Transparency and SMTP Relay Setup

Enhancing transparency regarding security practices is crucial for building user trust. Currently, there is no readily available information about security audits, encryption at rest, or minimal information gathering policies. Providing clear and accessible audits would reassure users that their data is being handled with utmost care. This transparency can be a significant competitive advantage, particularly in a market where data privacy is increasingly valued.

Furthermore, PurelyMail could improve its SMTP relay setup process. Currently, there is no straightforward menu or guide for setting up PurelyMail as an SMTP relay, similar to services like Amazon SES. Clear pricing on usage for SMTP relay services is also lacking. Simplifying the setup process and providing transparent pricing would make PurelyMail a more attractive option for users needing reliable SMTP services. This would streamline integration with other applications and services, making PurelyMail a more versatile tool.

CalDav and Task List Management

Improving the management of CalDav and task lists is another area for optimization. Currently, there is no dedicated management tool for these features within the online interface. Implementing a user-friendly management tool for CalDav and task lists would enhance the overall organization and productivity for users. This addition would align PurelyMail with modern productivity standards, making it a more complete solution for managing communications and tasks.

Email Deliverability

Finally, addressing deliverability issues, particularly with services like ProtonMail, is essential. Some users have reported poor deliverability to ProtonMail addresses, potentially due to the lack of forced TLS 1.4-1.6 encryption upon sending. Ensuring compatibility with modern encryption standards is crucial for reliable email delivery. Addressing these deliverability concerns will ensure that users can communicate effectively with contacts on various email platforms, improving the overall reliability of PurelyMail.

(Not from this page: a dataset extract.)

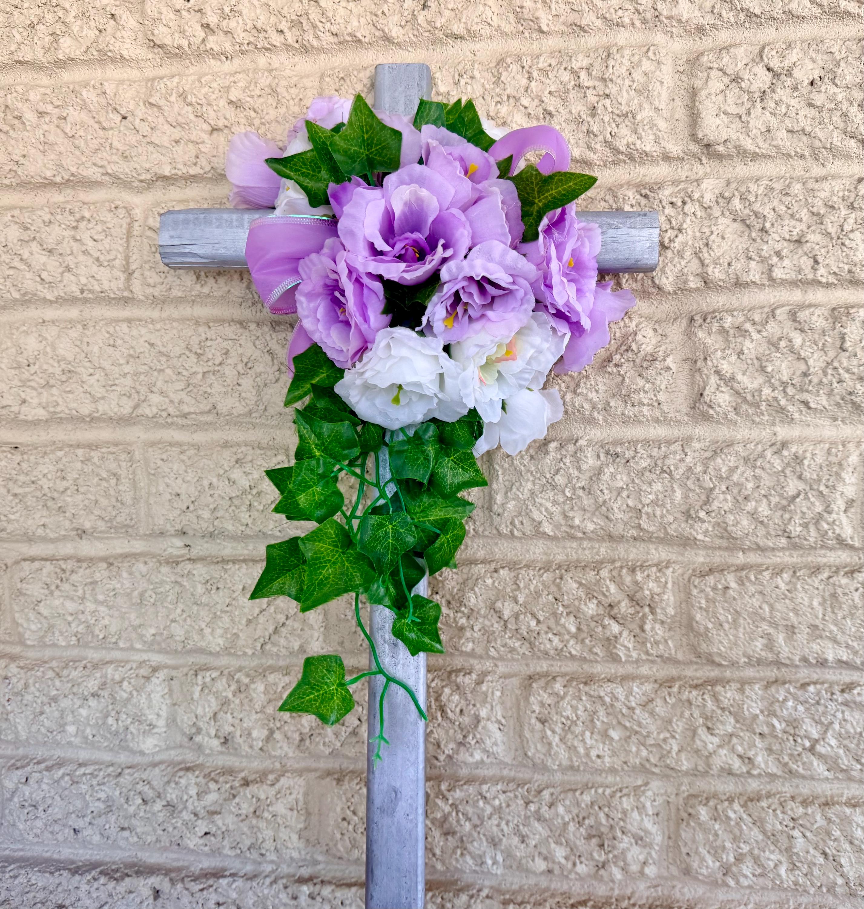 This NEW 24” pine cemetery cross has been painted silver with lavender and white flowers, bright green ivy intertwined with lavender/silver ribbon. The cross has a pointed end for easy ground insertion.

Feature Requests: Expanding PurelyMail's Capabilities

In addition to security enhancements and optimizations, several feature requests could significantly expand PurelyMail's capabilities and attract a broader user base. These features range from quality-of-life improvements to more substantial additions that would position PurelyMail as a leader in the email service market.

A detailed list of feature requests has been compiled elsewhere, encompassing a variety of suggestions that could further improve PurelyMail's functionality and user experience. These requests cover various aspects, including user interface enhancements, additional integrations, and advanced email management tools. By considering and implementing these feature requests, PurelyMail can continue to evolve and meet the changing needs of its users.

Conclusion

PurelyMail has the potential to be a leading email service provider by addressing the security concerns, implementing the optimization suggestions, and considering the feature requests outlined in this article. Prioritizing security enhancements is crucial for building user trust and protecting sensitive information. Streamlining user experience through optimizations like whitelabeling, DNS management, and improved SMTP relay setup will make the platform more versatile and user-friendly.

Expanding capabilities with new features and maintaining transparency about security practices will further solidify PurelyMail's position in the market. By continuously striving for improvement, PurelyMail can provide a secure, reliable, and feature-rich email service that meets the needs of a diverse user base. For further reading on email security best practices, consider visiting the Electronic Frontier Foundation (EFF), a leading nonprofit organization defending civil liberties in the digital world.